THE PROBLEM >>
In the output, include exactly the lines from the beginning of the records up to and including the one that contains "У понеділок, 29", and leave out the pictures.

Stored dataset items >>
%%

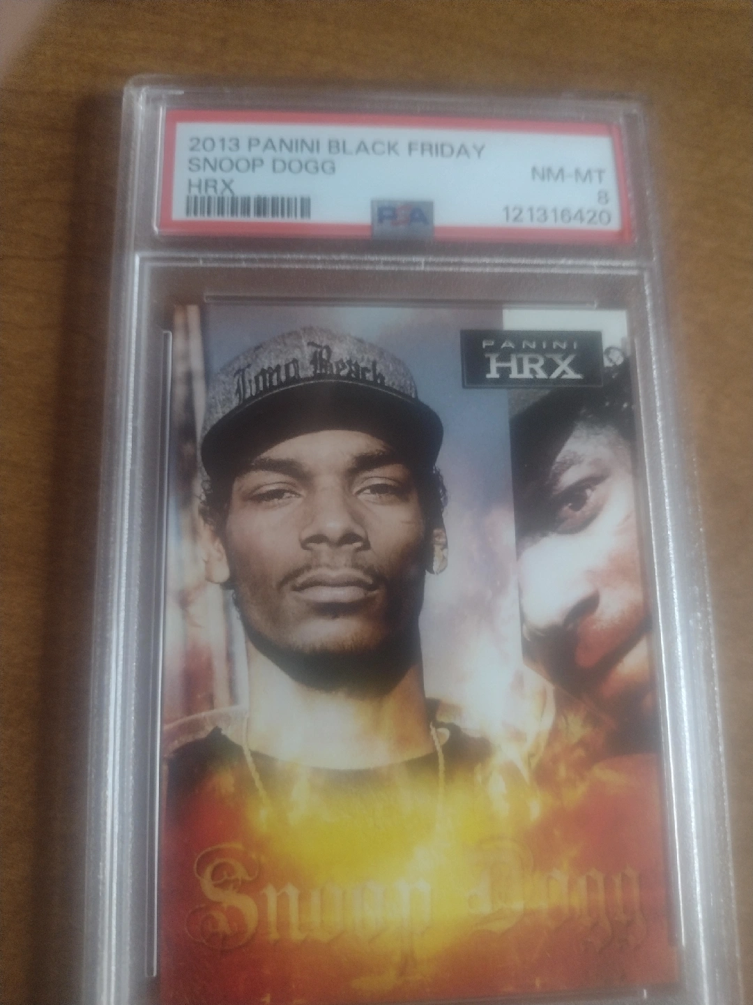 Selling a 2013 Panini Black Friday Snoop Dogg HRX trading card. It's in NM-MT condition and graded an PSA 8. Great for any Snoop Dogg or trading card collector!
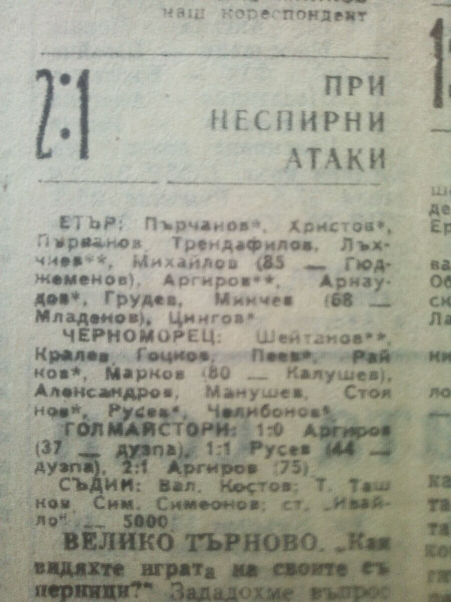 «Этыр» Велико-Тырново - «Черноморец» Бургас - 2:1
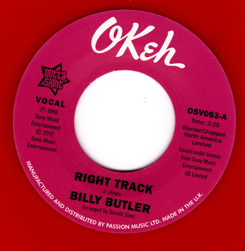 Billy Butler – Right Track / (Instrumental) 45 (Outta Sight) RED 7″ Vinyl
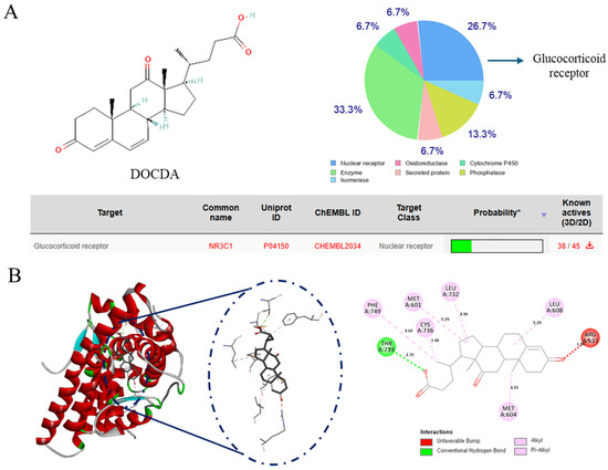 Identification of the GR as a potential target of DOCDA. (A) Chemical structure of DOCDA and results from SwissTargetPrediction analysis, identifying the glucocorticoid receptor (GR, also known as NR3C1) as the top predicted target. (B) Molecular docking results showing the binding interaction between DOCDA and GR (PDB ID: 4UDC), with a docking score of −7.7 kcal/mol. Key interacting residues are visualized in a 2D interaction diagram.
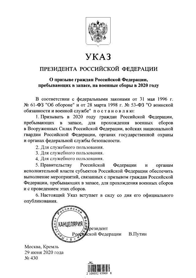 У понеділок, 29 червня, президент Росії Володимир Путін підписав указ про призов російських громадян, які перебувають в запасі, на військові збори в 2020 році.
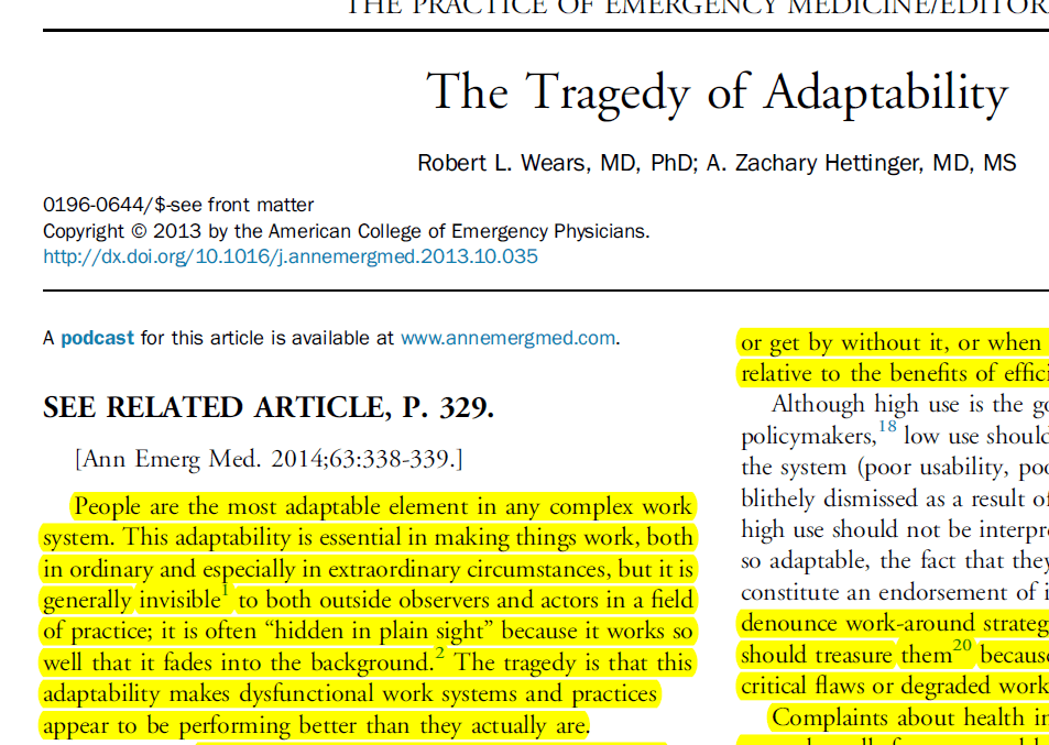 “adaptability makes dysfunctional work systems and practices appear to be performing better than they actually are. In the end, these invisible adaptations, filling gaps as they appear, can leave frontline workers “twisted like pretzels” around poorly designed or frankly dysfunctional systems as they contort themselves to get their work done” (p.338).
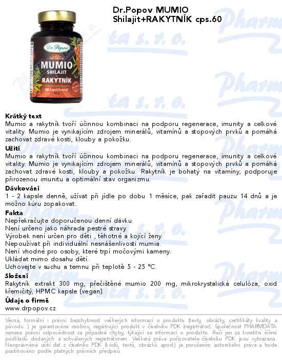 Dr.Popov MUMIO Shilajit+RAKYTNÍK cps.60
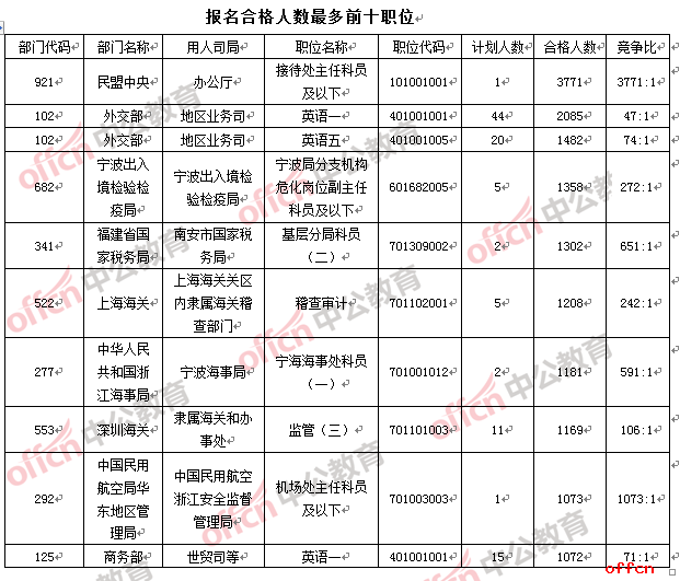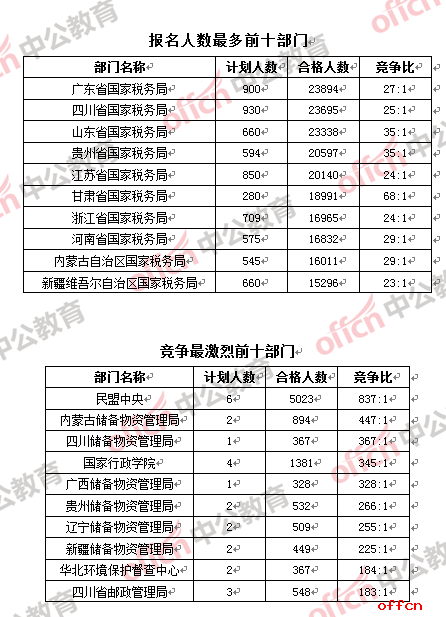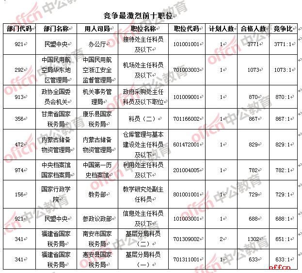 與去年同期競爭最激烈部門的584:1相比,今年的民盟中央的競爭比達到837:1,成為今年競爭比“破八百”的部門,遠拋與排名第二內蒙古物管局的447:1。在競爭最激烈的前十部門中,物管局站席6個,物管局成為眾多考生未來職業發展的“理想之所”。
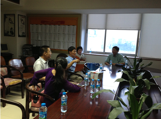 石狮党校领导与我校人文与传播学院苏新春院长、卜祥忠老师讨论交流。
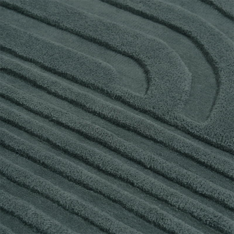 Relevo, qui signifie « soulagement » en latin, apporte une qualité sculpturale à la pièce et en même temps une sensation de confort douillet. Les sillons sont réalisés en taillant la laine de Nouvelle-Zélande à différents niveaux, créant un motif graphique percutant et une impression visuelle de profondeur. Cette technique forme des ombres qui donnent l’impression que le
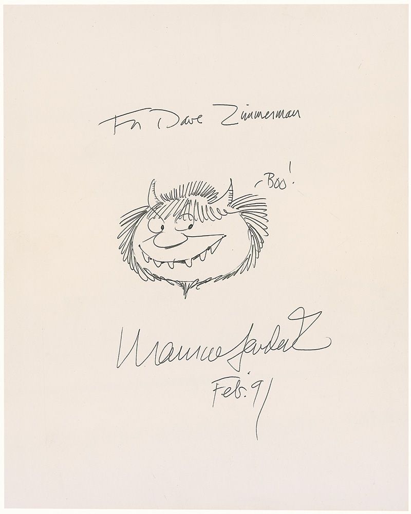 Original signed and inscribed ink sketch of a creature from Where the Wild Things Are, on an off-white 8 x 10 sheet, signed and inscribed “For Dave Zimmerman, Maurice Sendak, Feb. ‘91.” In fine condition, with scattered light creases.

%%

SOLUTION FOR THIS PROBLEM >>
 Selling a 2013 Panini Black Friday Snoop Dogg HRX trading card. It's in NM-MT condition and graded an PSA 8. Great for any Snoop Dogg or trading card collector!
 «Этыр» Велико-Тырново - «Черноморец» Бургас - 2:1
 Billy Butler – Right Track / (Instrumental) 45 (Outta Sight) RED 7″ Vinyl
 Identification of the GR as a potential target of DOCDA. (A) Chemical structure of DOCDA and results from SwissTargetPrediction analysis, identifying the glucocorticoid receptor (GR, also known as NR3C1) as the top predicted target. (B) Molecular docking results showing the binding interaction between DOCDA and GR (PDB ID: 4UDC), with a docking score of −7.7 kcal/mol. Key interacting residues are visualized in a 2D interaction diagram.
 У понеділок, 29 червня, президент Росії Володимир Путін підписав указ про призов російських громадян, які перебувають в запасі, на військові збори в 2020 році.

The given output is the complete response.